| GOAL OF THE EXERCISE |
Each line of the data must be written out again verbatim; no image belongs in the copy.

| INFORMATION PROVIDED |
-*-

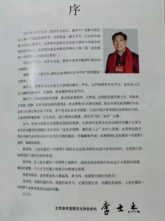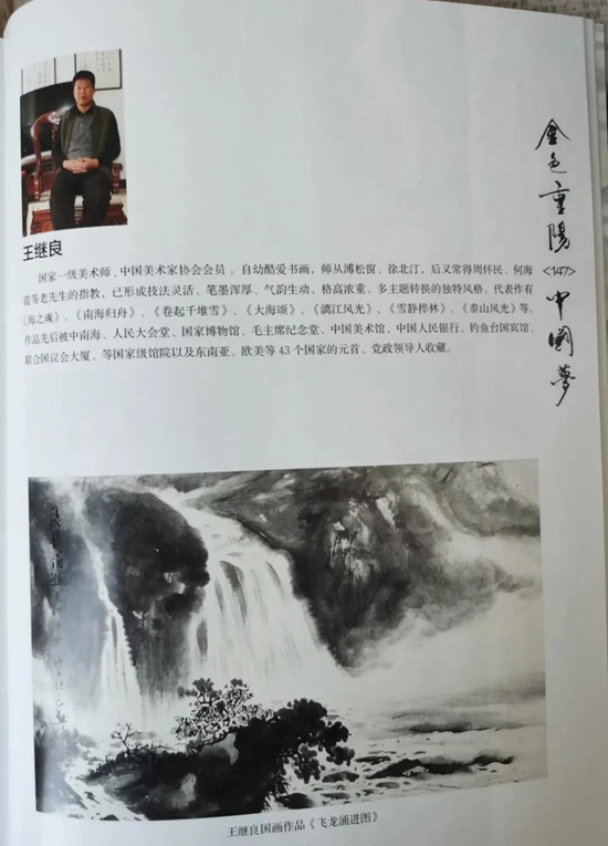 2013年10月,我们北京老年宜居文化协会组织书画笔会,王继良积极支持,作品入选由著名作家、画家冯骥才题写书名的《金色重阳·中国梦》画册。
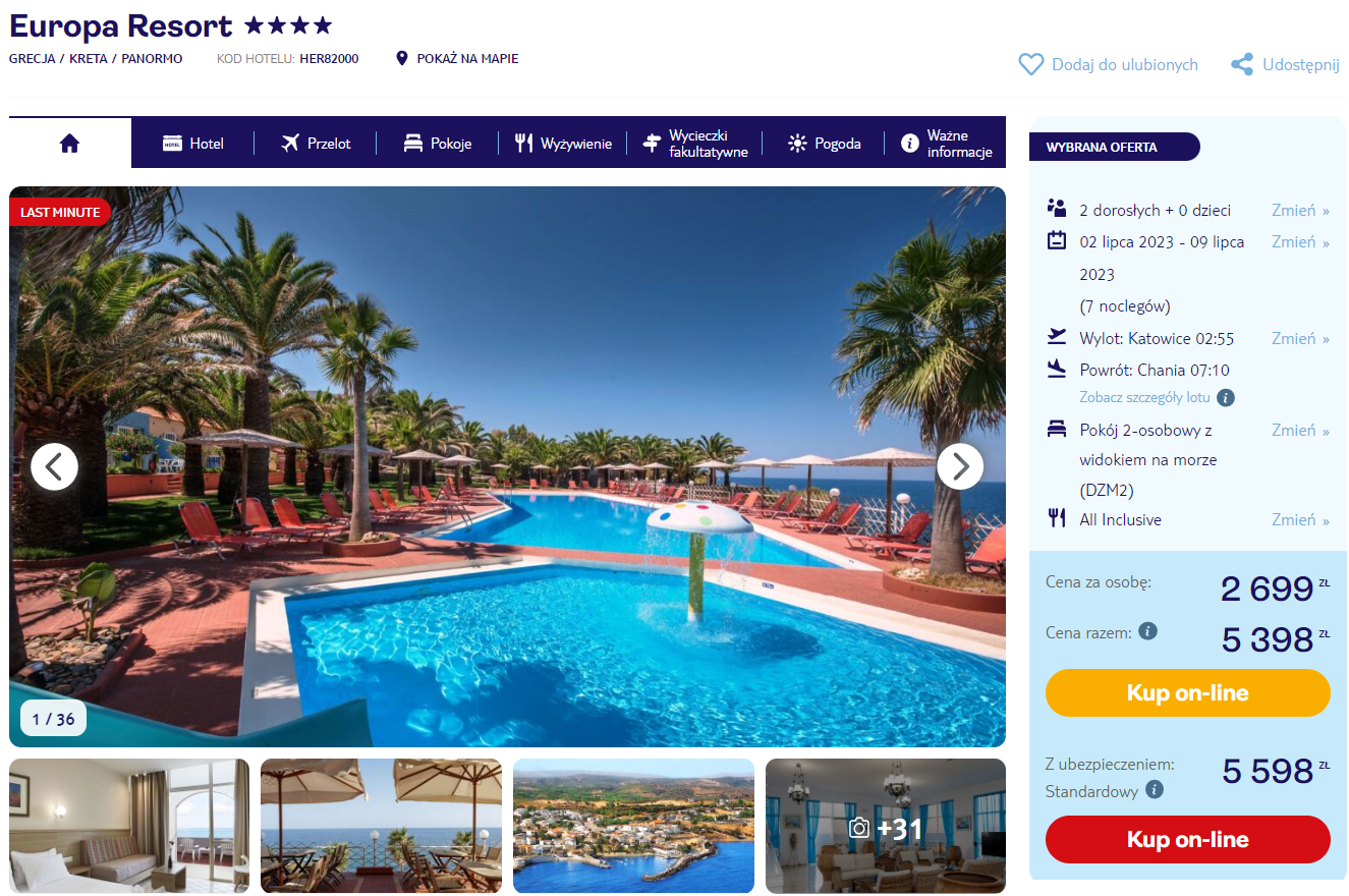 Urlop spędzisz w 4* hotelu Europa Resort. Kompleks zlokalizowany jest bezpośrednio przy wybrzeżu. Do twojej dyspozycji będzie przytulnie urządzony pokój z prywatną łazienką, balkonem i klimatyzacją oraz odkryty basen z tarasem słonecznym.
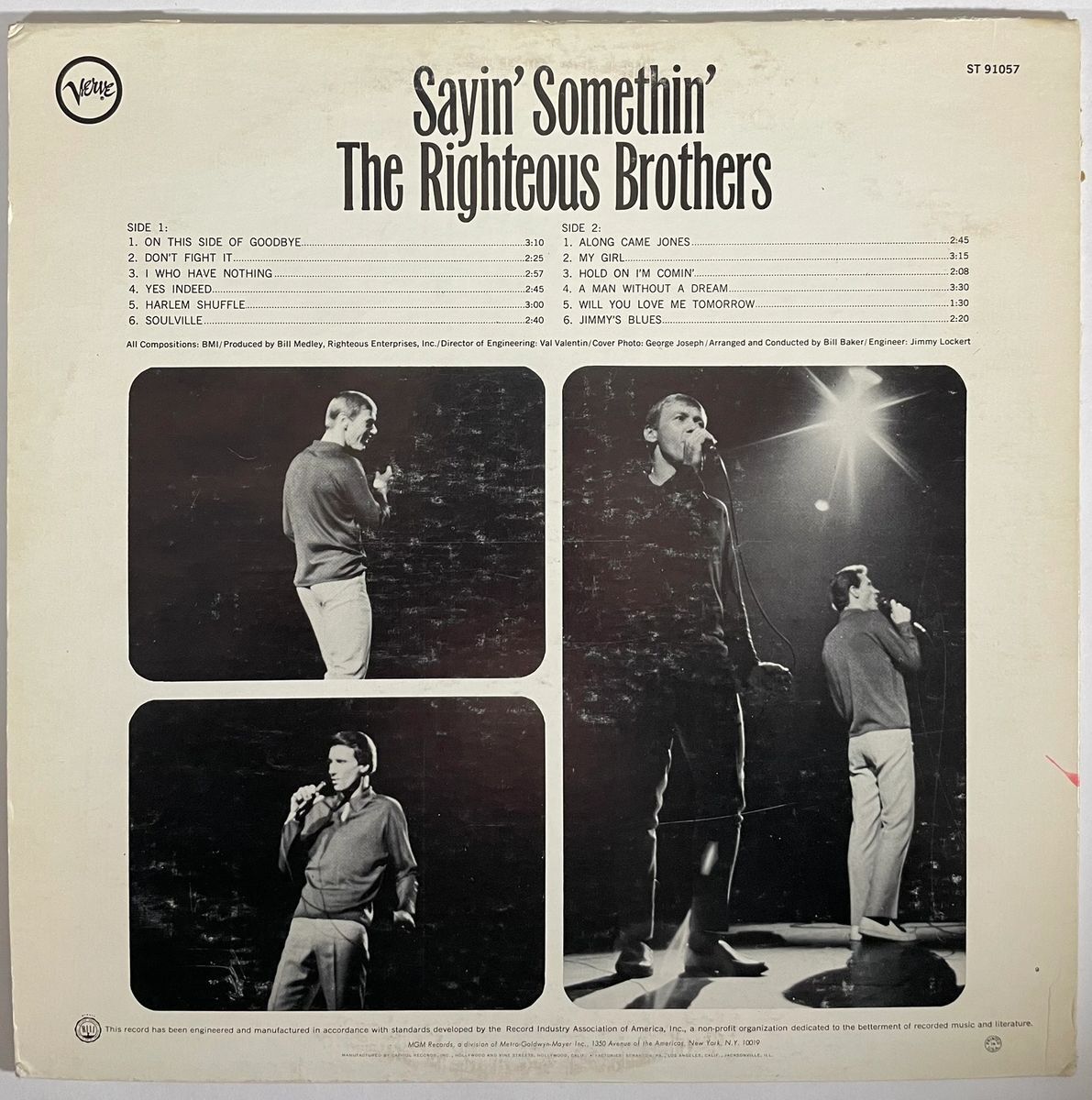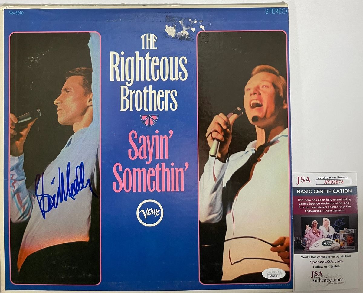 The Righteous Brothers “Sayin’ Somethin'” Vinyl Record LP with dust cover jacket, hand signed in person by legendary musician Bill Medley of The Righteous Brothers duo. This is a clean, well placed signature, signed in a flowing Blue Sharpie that really jumps off the cover of this The Righteous Brothers “Sayin’ Somethin'” Vinyl record. Please be advised before purchasing there is some damage to the dust cover jacket near the top of the front to the right of the “The” in The Righteous Brothers. Vinyl still displays great as you can see in the photos. Item has been authenticated by James Spence Authentications, one of the most reputable third party authentication companies in the world, and includes the JSA Certificate of Authenticity card. JSA COA# AY02878

-*-

| RESULT OF THIS EXERCISE |
 2013年10月,我们北京老年宜居文化协会组织书画笔会,王继良积极支持,作品入选由著名作家、画家冯骥才题写书名的《金色重阳·中国梦》画册。
 Urlop spędzisz w 4* hotelu Europa Resort. Kompleks zlokalizowany jest bezpośrednio przy wybrzeżu. Do twojej dyspozycji będzie przytulnie urządzony pokój z prywatną łazienką, balkonem i klimatyzacją oraz odkryty basen z tarasem słonecznym.
 The Righteous Brothers “Sayin’ Somethin'” Vinyl Record LP with dust cover jacket, hand signed in person by legendary musician Bill Medley of The Righteous Brothers duo. This is a clean, well placed signature, signed in a flowing Blue Sharpie that really jumps off the cover of this The Righteous Brothers “Sayin’ Somethin'” Vinyl record. Please be advised before purchasing there is some damage to the dust cover jacket near the top of the front to the right of the “The” in The Righteous Brothers. Vinyl still displays great as you can see in the photos. Item has been authenticated by James Spence Authentications, one of the most reputable third party authentication companies in the world, and includes the JSA Certificate of Authenticity card. JSA COA# AY02878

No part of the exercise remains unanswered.